ASSIGNMENT: Transcribe the records below word for word, leaving every picture out.
********
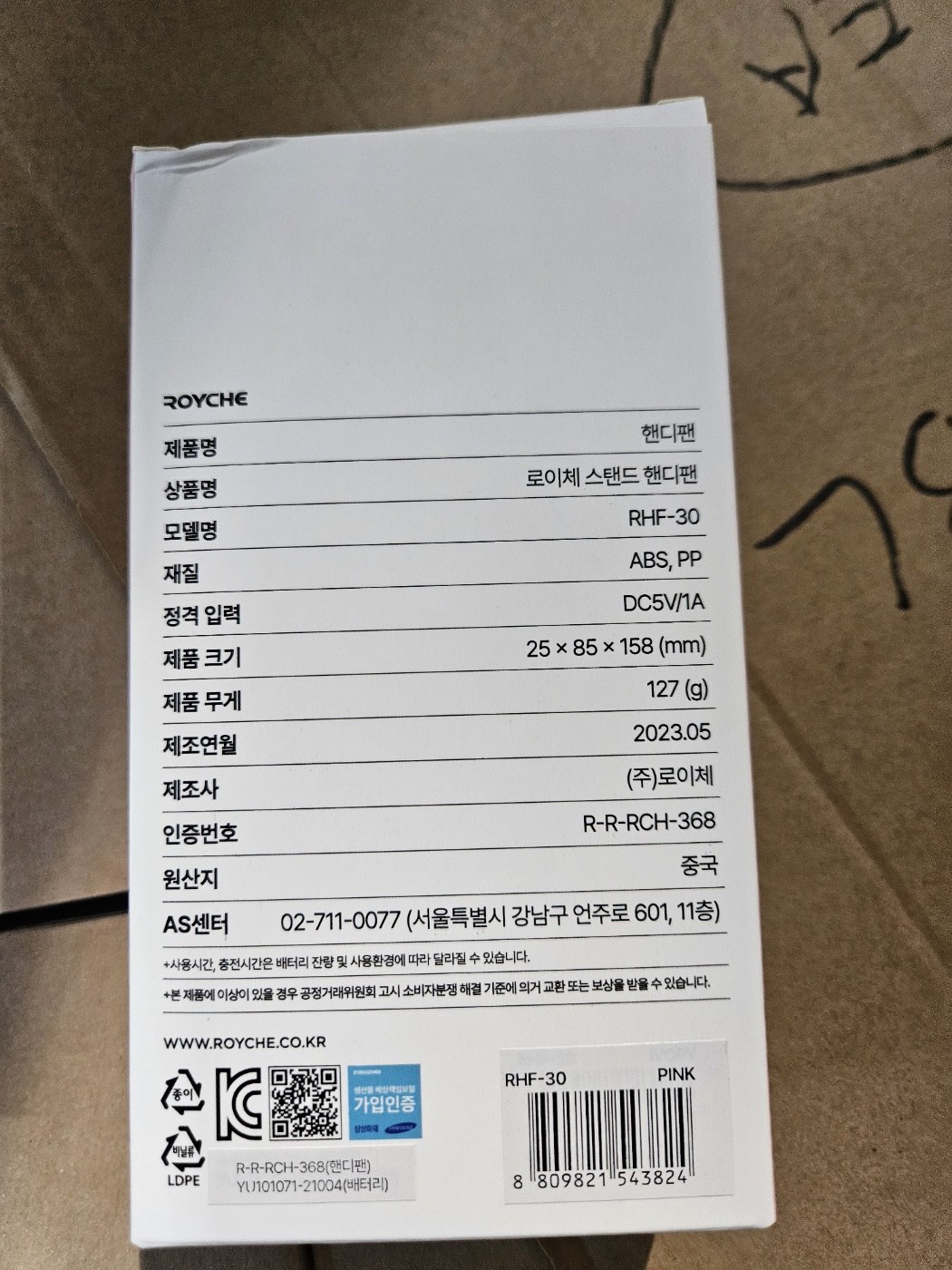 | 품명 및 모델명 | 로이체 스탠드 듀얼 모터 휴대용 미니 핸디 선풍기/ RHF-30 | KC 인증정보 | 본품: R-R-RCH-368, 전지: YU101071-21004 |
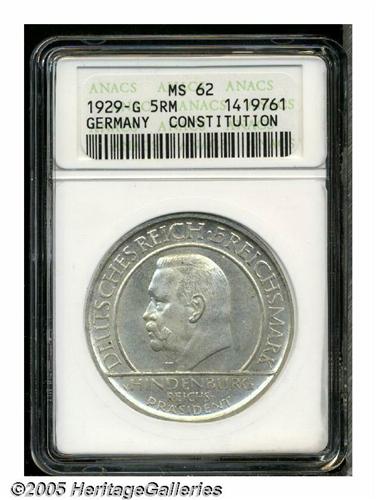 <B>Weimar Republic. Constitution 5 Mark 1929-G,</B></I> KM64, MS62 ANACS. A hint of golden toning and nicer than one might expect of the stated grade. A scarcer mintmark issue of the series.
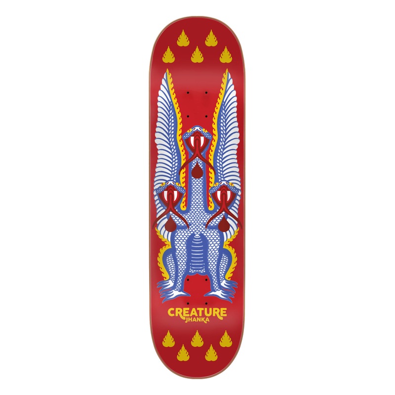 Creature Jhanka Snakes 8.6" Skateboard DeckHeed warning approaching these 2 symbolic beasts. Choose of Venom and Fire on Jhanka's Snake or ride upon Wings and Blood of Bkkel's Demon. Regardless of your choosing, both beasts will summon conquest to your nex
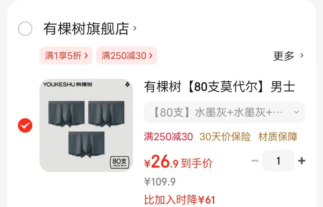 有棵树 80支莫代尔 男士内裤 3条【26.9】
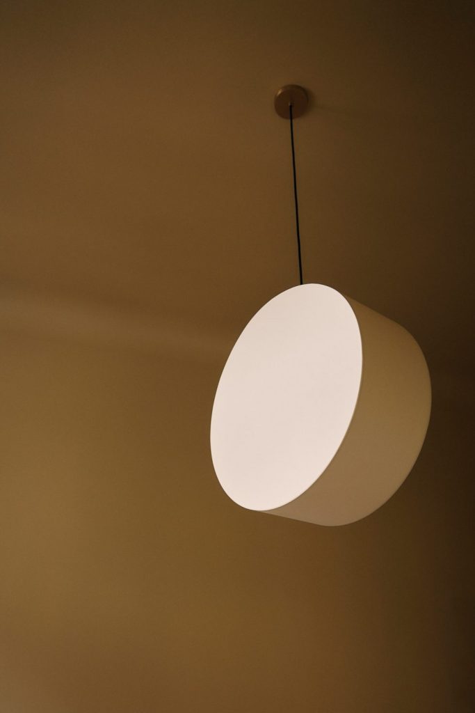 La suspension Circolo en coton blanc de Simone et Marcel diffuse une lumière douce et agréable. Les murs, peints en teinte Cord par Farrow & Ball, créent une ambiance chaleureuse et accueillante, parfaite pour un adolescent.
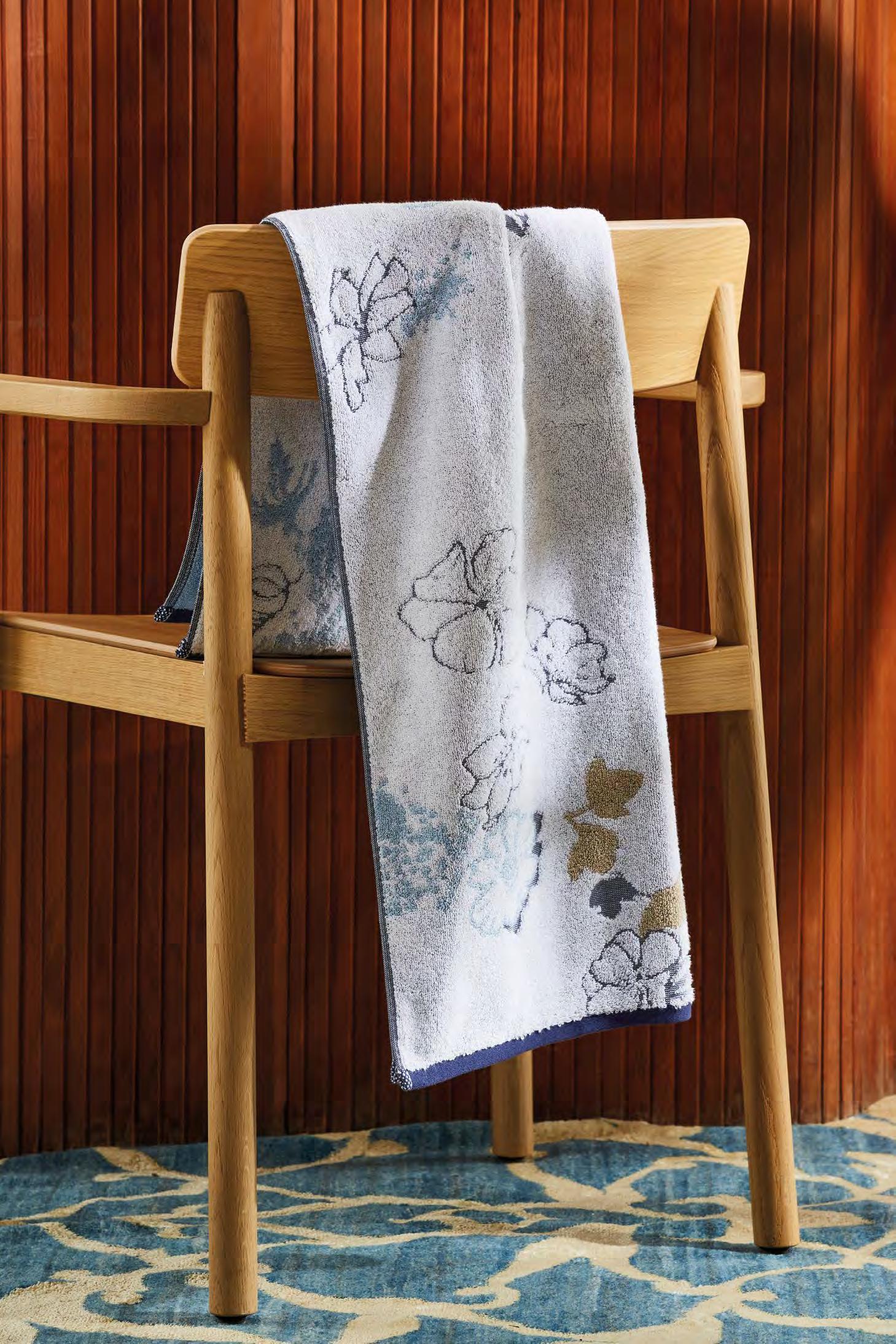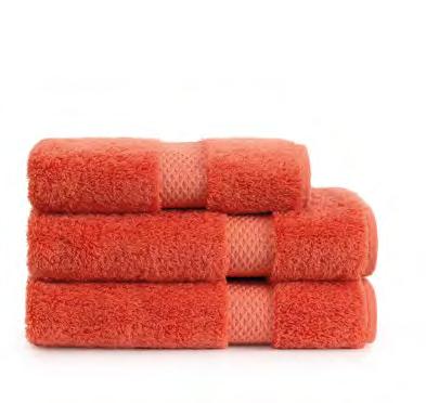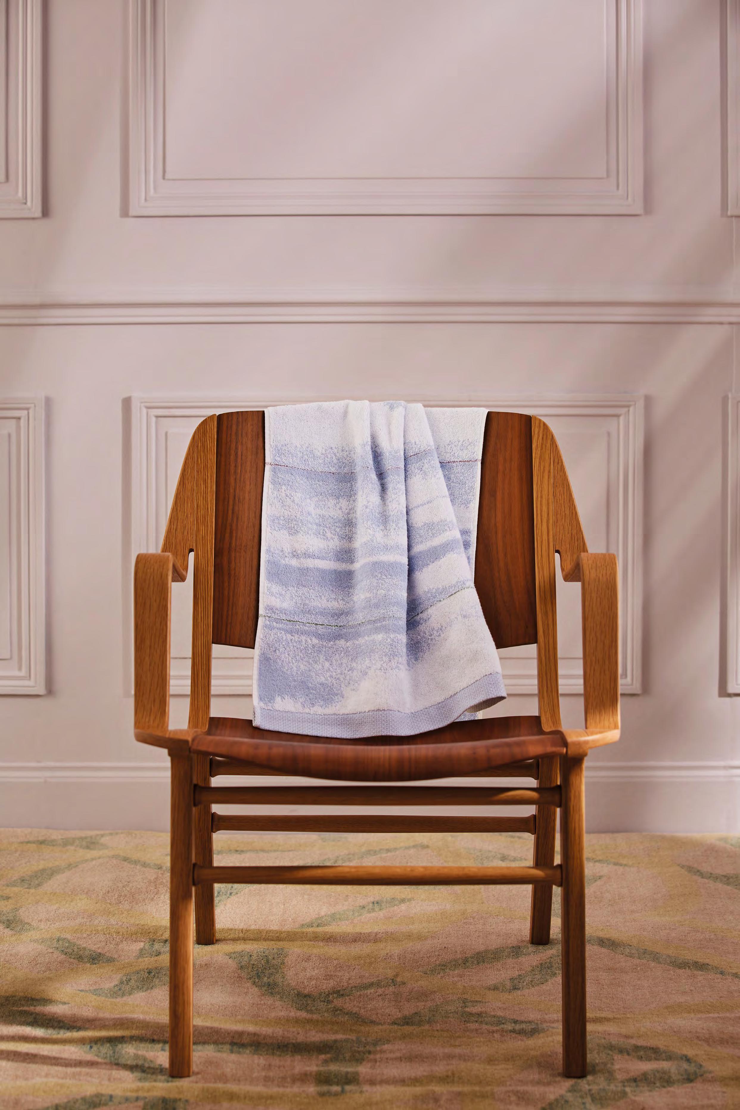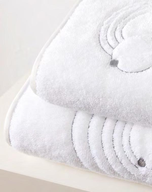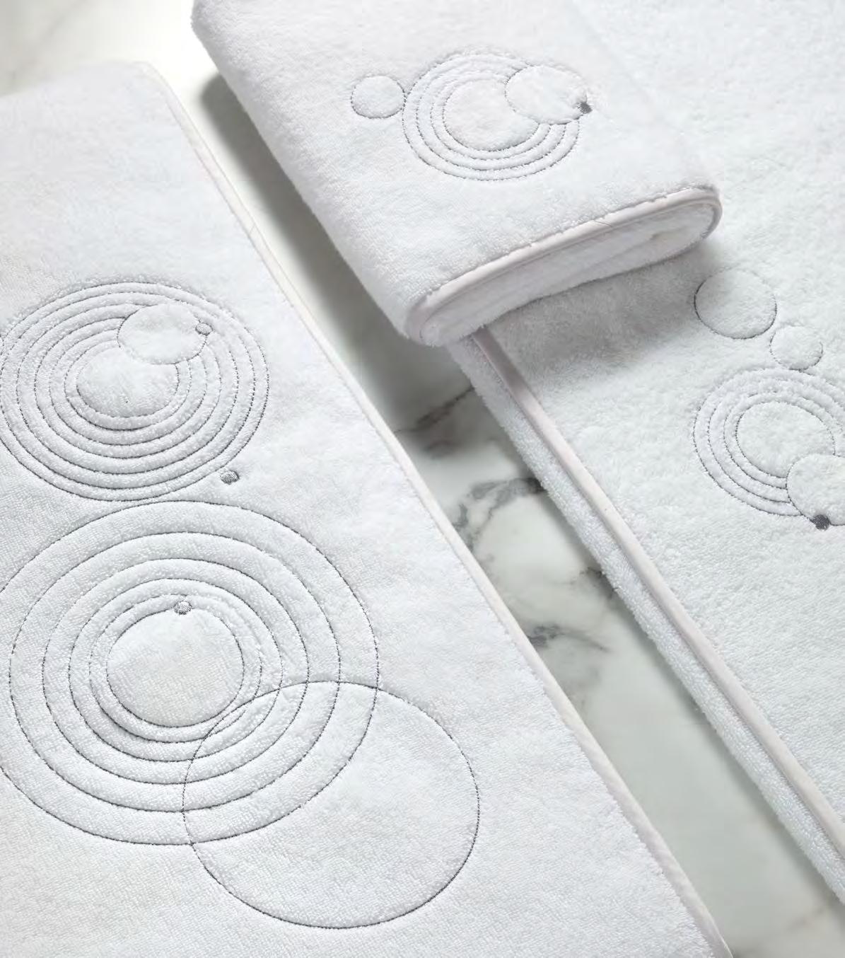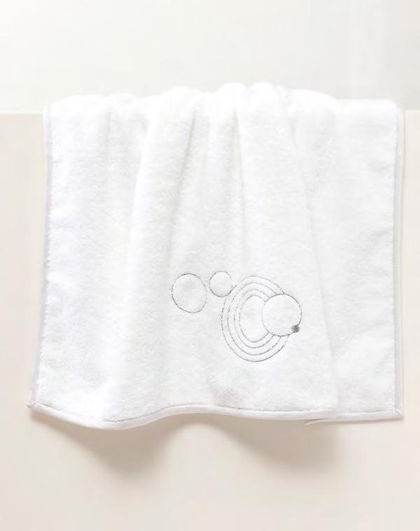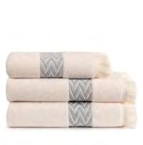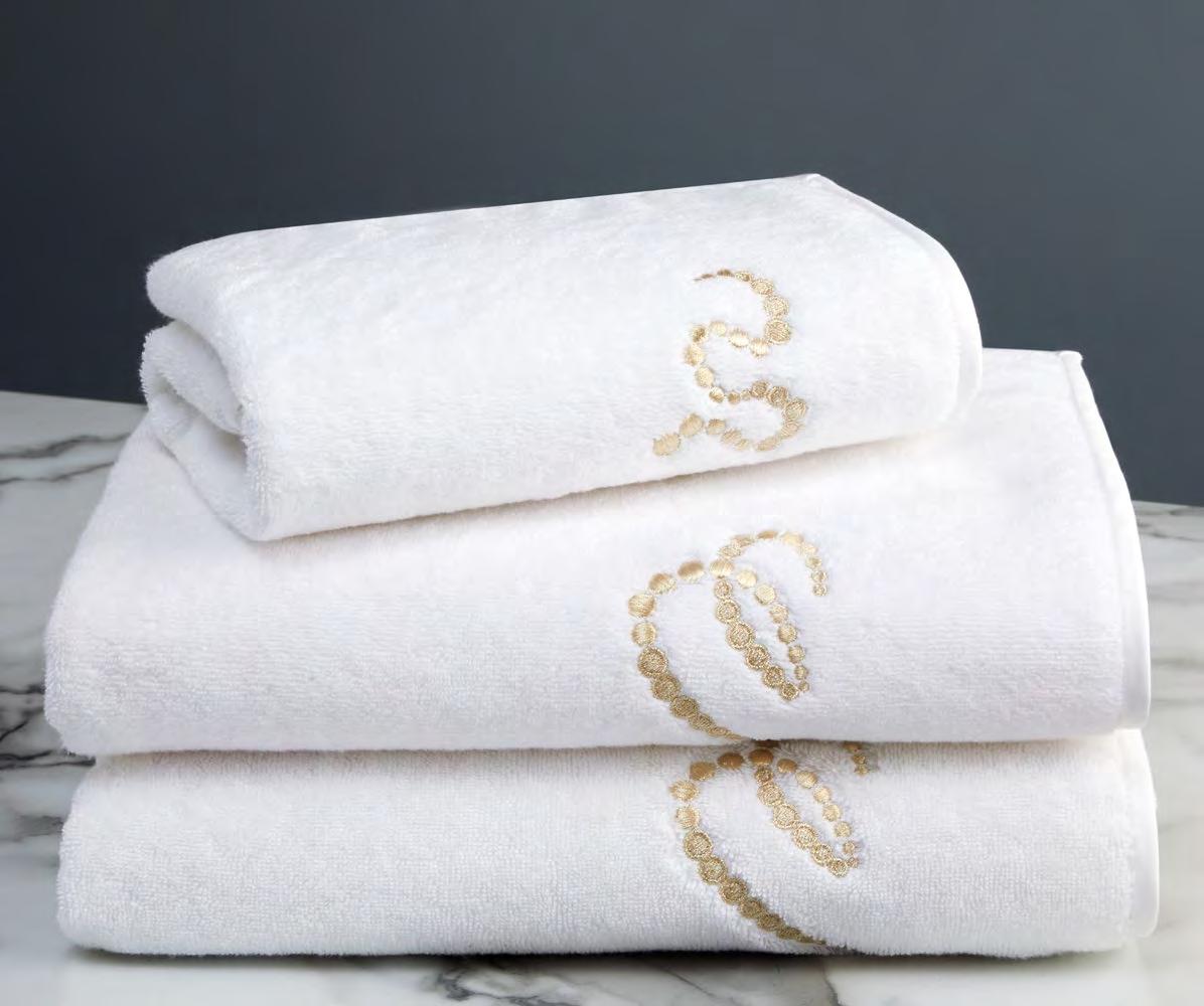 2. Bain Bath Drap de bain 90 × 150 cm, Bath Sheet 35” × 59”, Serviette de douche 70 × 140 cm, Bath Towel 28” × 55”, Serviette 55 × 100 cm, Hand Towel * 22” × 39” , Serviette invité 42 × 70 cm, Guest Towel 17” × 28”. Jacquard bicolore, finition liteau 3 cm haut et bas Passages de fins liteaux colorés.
********
YOUR SOLUTION:
 | 품명 및 모델명 | 로이체 스탠드 듀얼 모터 휴대용 미니 핸디 선풍기/ RHF-30 | KC 인증정보 | 본품: R-R-RCH-368, 전지: YU101071-21004 |
 <B>Weimar Republic. Constitution 5 Mark 1929-G,</B></I> KM64, MS62 ANACS. A hint of golden toning and nicer than one might expect of the stated grade. A scarcer mintmark issue of the series.
 Creature Jhanka Snakes 8.6" Skateboard DeckHeed warning approaching these 2 symbolic beasts. Choose of Venom and Fire on Jhanka's Snake or ride upon Wings and Blood of Bkkel's Demon. Regardless of your choosing, both beasts will summon conquest to your nex
 有棵树 80支莫代尔 男士内裤 3条【26.9】
 La suspension Circolo en coton blanc de Simone et Marcel diffuse une lumière douce et agréable. Les murs, peints en teinte Cord par Farrow & Ball, créent une ambiance chaleureuse et accueillante, parfaite pour un adolescent.
 2. Bain Bath Drap de bain 90 × 150 cm, Bath Sheet 35” × 59”, Serviette de douche 70 × 140 cm, Bath Towel 28” × 55”, Serviette 55 × 100 cm, Hand Towel * 22” × 39” , Serviette invité 42 × 70 cm, Guest Towel 17” × 28”. Jacquard bicolore, finition liteau 3 cm haut et bas Passages de fins liteaux colorés.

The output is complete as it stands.